Tortious-Interference Claims Kenker's second assignment of error, in which it claims that the trial court erred in granting summary judgment on its claims for tortious interference in its business relationship with Aristech, is overruled. There is no evidence of record that Kenker had a contract with Aristech for exclusive dealing, or a legally cognizable expectation that Aristech would continue to purchase pallets from Kenker. Aristech was free to entertain and to accept competitive bids. See Fred Siegel Co. L.P.A. v.Arter Hadden, paragraph four of the syllabus; see, also, A B AbellElevator Co. v. Columbus/Cent. Ohio Bldg. Constr. Trades Council (1995), 73 Ohio St.3d 1, 651 N.E.2d 1283. Similarly, with no evidence of intimidation or coercion in the record, Kenker's at-will employees were free to leave and enter the employ of Riemeier. See Mers v. DispatchPrinting Co. (1985), 19 Ohio St.3d 100, 483 N.E.2d 150, paragraph one of the syllabus; see, also, Miller Bros. Excavating, Inc. v. StoneExcavating, Inc. (Jan. 16, 1998), Greene App. No. 97-CA-69, unreported.

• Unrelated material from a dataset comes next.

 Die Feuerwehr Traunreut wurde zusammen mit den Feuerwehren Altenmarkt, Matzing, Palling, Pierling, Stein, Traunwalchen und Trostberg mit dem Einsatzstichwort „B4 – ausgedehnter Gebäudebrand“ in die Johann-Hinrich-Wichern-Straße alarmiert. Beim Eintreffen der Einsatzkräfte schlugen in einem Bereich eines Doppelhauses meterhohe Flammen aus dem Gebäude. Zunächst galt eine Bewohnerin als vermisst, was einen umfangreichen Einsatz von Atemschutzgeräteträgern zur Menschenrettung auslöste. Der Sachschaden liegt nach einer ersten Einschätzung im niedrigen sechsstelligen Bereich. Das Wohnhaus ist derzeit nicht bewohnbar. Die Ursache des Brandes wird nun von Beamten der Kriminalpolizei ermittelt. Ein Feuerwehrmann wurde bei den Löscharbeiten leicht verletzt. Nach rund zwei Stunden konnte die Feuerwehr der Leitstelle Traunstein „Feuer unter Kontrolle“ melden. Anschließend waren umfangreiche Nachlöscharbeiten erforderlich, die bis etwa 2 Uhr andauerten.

Conspiracy and Punitive-Damage Claims In two interrelated assignments of error, Kenker asserts that the trial court erred in granting summary judgment on its claims that Layne and Riemeier conspired to misappropriate its trade secrets and thus were subject to punitive damages. To prevail on claims of civil conspiracy and punitive damages, Kenker would have to adduce evidence of malice on the part of Layne or Riemeier. See Kenty v. Transamerica Premium Ins.Co. (1995), 72 Ohio St.3d 415, 650 N.E.2d 863; Preston v. Murty (1987),32 Ohio St.3d 334, 512 N.E.2d 1174, syllabus. The third and fourth assignments of error are overruled, as the trial court correctly determined that while Kenker's business and personnel decisions indeed may have caused consternation among its employees, there was no evidence of the retaliatory ill will necessary for a showing of malice — an essential element of Kenker's claims. See Dresher v. Burt,75 Ohio St.3d at 293, 662 N.E.2d at 274; see, e.g., Meyers v. Hot Bagels Factory, Inc. (1999), 131 Ohio App.3d 82, 97-98, 721 N.E.2d 1068, 1078-1079.

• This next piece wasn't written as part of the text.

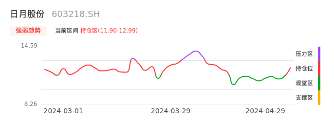 我们来看一下该股的九方特色指标强弱趋势的情况:日月股份近日从观望区上穿到持仓区。股价短期站稳多头区域,上升动能仍较为充足,可积极关注。后续重点关注上方压力位:12.99元是否能突破上攻。

The Motion for Reconsideration In its final assignment of error, Kenker claims the trial court erred in denying its motion for reconsideration of the August 25, 1999, opinion and entry on all pending motions. We note that there is no provision in the civil rules for a motion for reconsideration. Contrary to Kenker's assertion, the trial court carefully considered the evidence presented, in conformity with Civ.R. 56. The trial court did not err in denying the motion for reconsideration, except as to Kenker's claim for misappropriation of trade secrets as addressed in the resolution of the first assignment of error. In all other respects the fifth assignment of error is overruled.
Therefore, the trial court's entries of judgment, in the appeal numbered C-990803, are reversed in part, and this case is remanded to the trial court for further proceedings on Kenker's claims of misappropriation of trade secrets raised against Riemeier and Layne only. The trial court's entries of judgment are affirmed as to all claims raised against Kirkbride. Layne's appeal, numbered C-990824, from the trial court's entries denying his motion for summary judgment on Kenker's claim for breach of fiduciary duty is dismissed.
Painter and Sundermann, JJ., concur.